The ballot for the upcoming election asks New Jersey voters to approve or reject an amendment to the NJ Constitution increasing New Jersey's minimum wage and mandating automatic cost-of-living increases. Advocates of this proposal would have you believe that, by raising the minimum wage, everyone working below that rate would get an immediate increase, and those out of work would be offered jobs at the higher rate.

The truth is a bit more complicated.  No one would remain employed at the higher rate if their services are not, in the eyes of their employers, worth the higher rate.  So while, no doubt, many people earning less than the new rate would initially get a bump in their hourly rate, it is equally certain that employers with limited resources would have to let many of them go - the less educated, less skilled, less experienced - as a result of the higher rate.
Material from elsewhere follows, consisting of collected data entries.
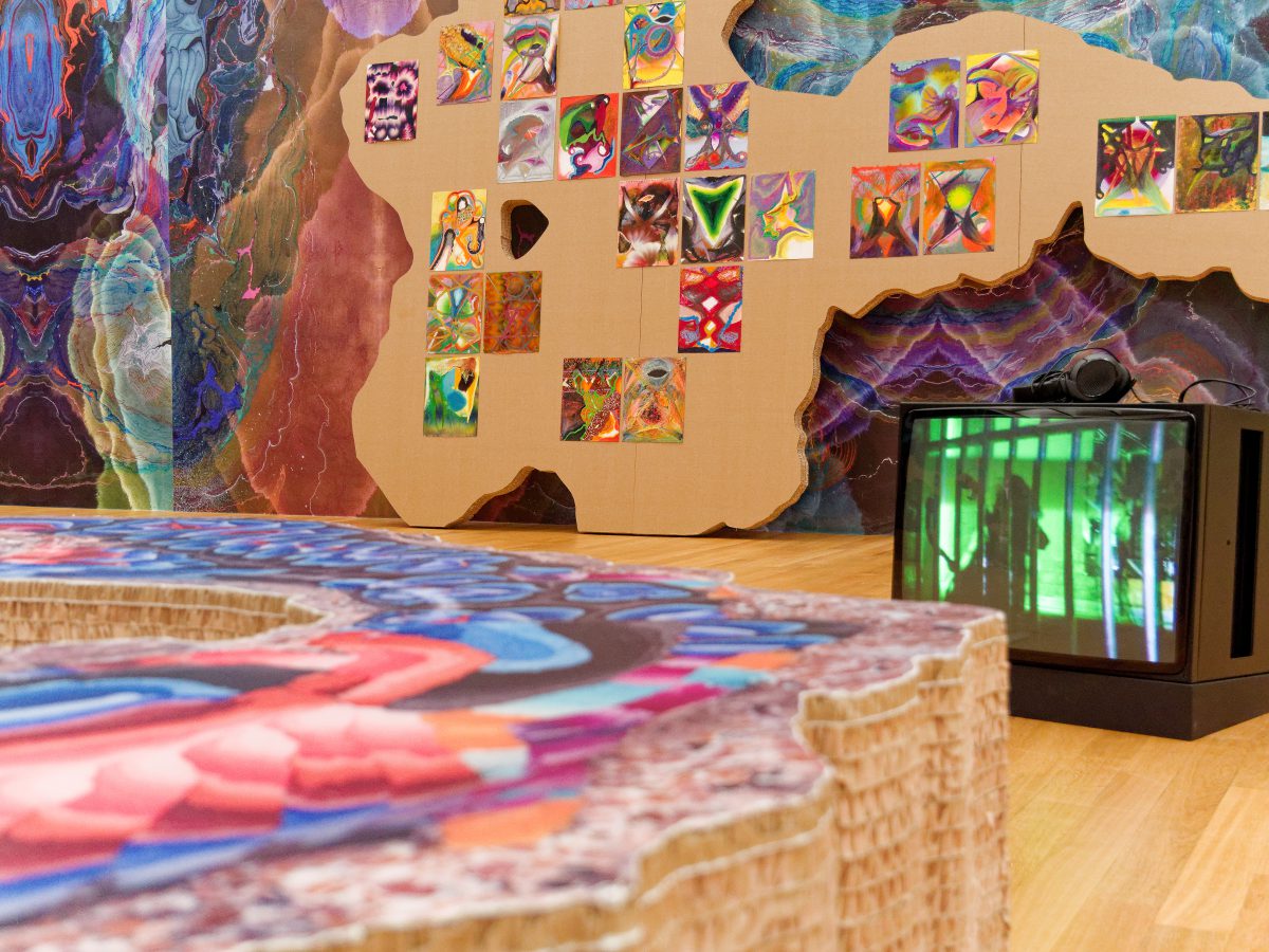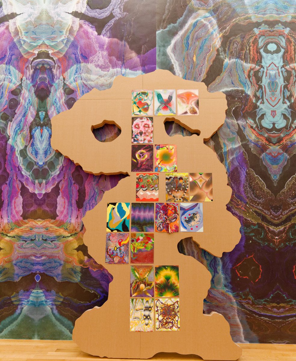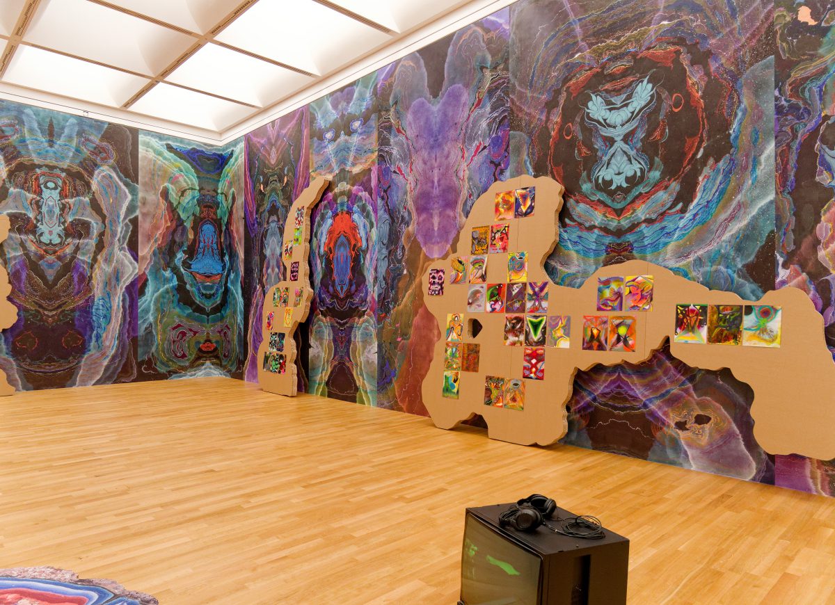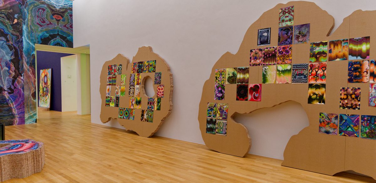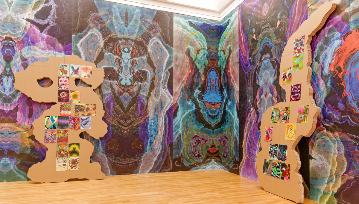 Für die Ausstellung verwandelt Kerstin Brätsch das Kunstmuseum Bonn in einen lebendigen malerischen Organismus. Zentraler Ausgangspunkt ist dabei der Bezug zwischen Malerei und Körper auf physischer, psychischer und sozialer Ebene. Wie ein Portal zu einer anderen Welt durchschreiten die Besuchenden eine Art Labyrinth aus Farbe, Licht und Klängen oder treten vor eine suggestive Tapete mit gespiegelten Motiven, die an die Tintenklecks-Tests des Psychiaters Hermann Rorschach erinnern.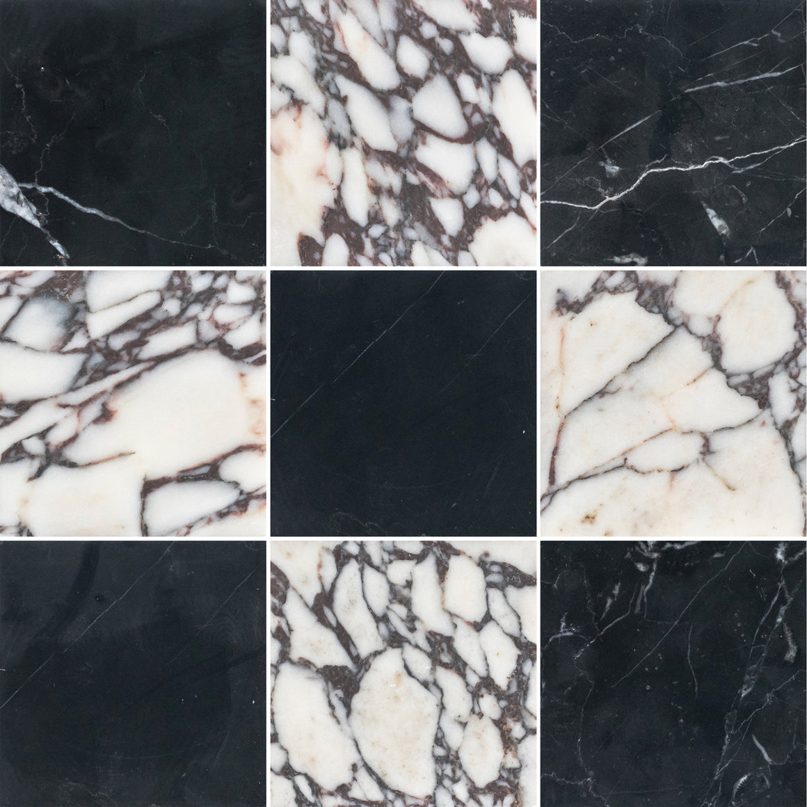 Black Marble & Bianco Violetta 4" Checkerboard Honed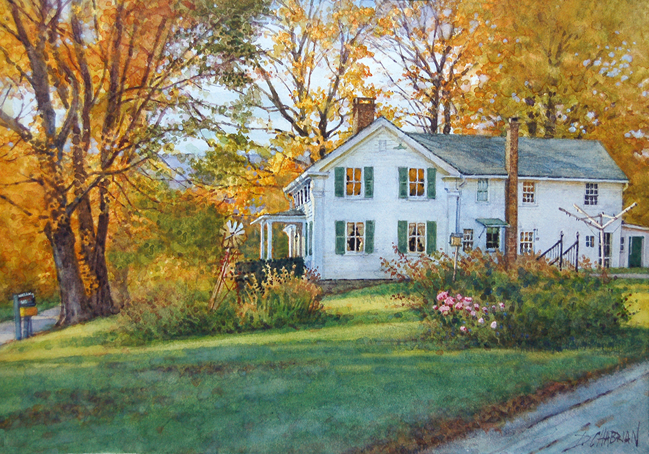 Season and landscape are often intimately linked in Chabrian’s work—they are visual cues that trigger poignant memories of home and reinforce our connection to place. An example of such a work (pictured below) depicts a white clapboard colonial bathed in a speckled light filtering through autumnal-hued oaks. Through the thinning tree line we capture of glimpse of nearby mountains. The viewer is positioned at a considerable distance from the house—as if standing on the country road that borders the property line. The distancing affords a somewhat removed view—a pictorial composition that implies a narrative. One has stepped back to admire the site or has come upon it for the first time. In either instance, the framing and stillness of the work suggests a halt—something important has caught the eye. Perhaps the painting recalls the first time the owner came upon the house, or maybe the day the deed was signed. Whatever the case, Chabrian's house portrait captures an enchanting moment—the air brisk and clean, the graceful lines of the house, the leafy surround, the distant peaks—all conspire to create a picture-perfect place to call home.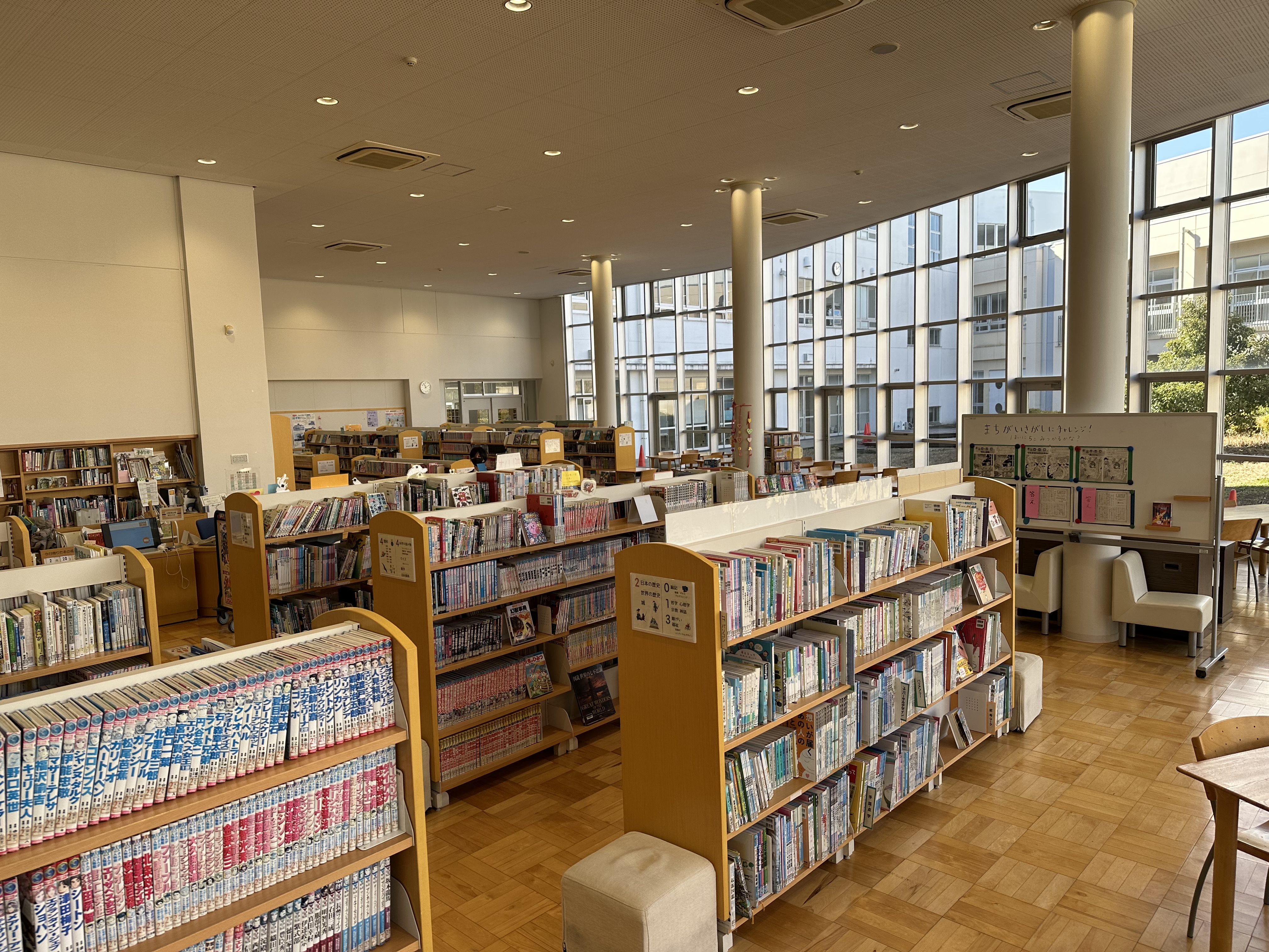 大きな窓がある開放的な図書館は、

For those already out of work or perhaps looking for their first job out of school, the effect is more devastating.  Though touted as an enhancement to workers' rights, the actual effect of minimum wage laws is to deprive workers of a human right that is hugely important to those reaching for the bottom rung of the economic ladder: the right to compete on the basis of price when one lacks some important qualifications that employers require and which competing job-seekers already have - e.g., experience, skills, references, etc. - qualifications that can only be acquired by landing one's first job.

Like many well-intentioned ideas, this amendment, if adopted, will hurt the very people it was intended to help.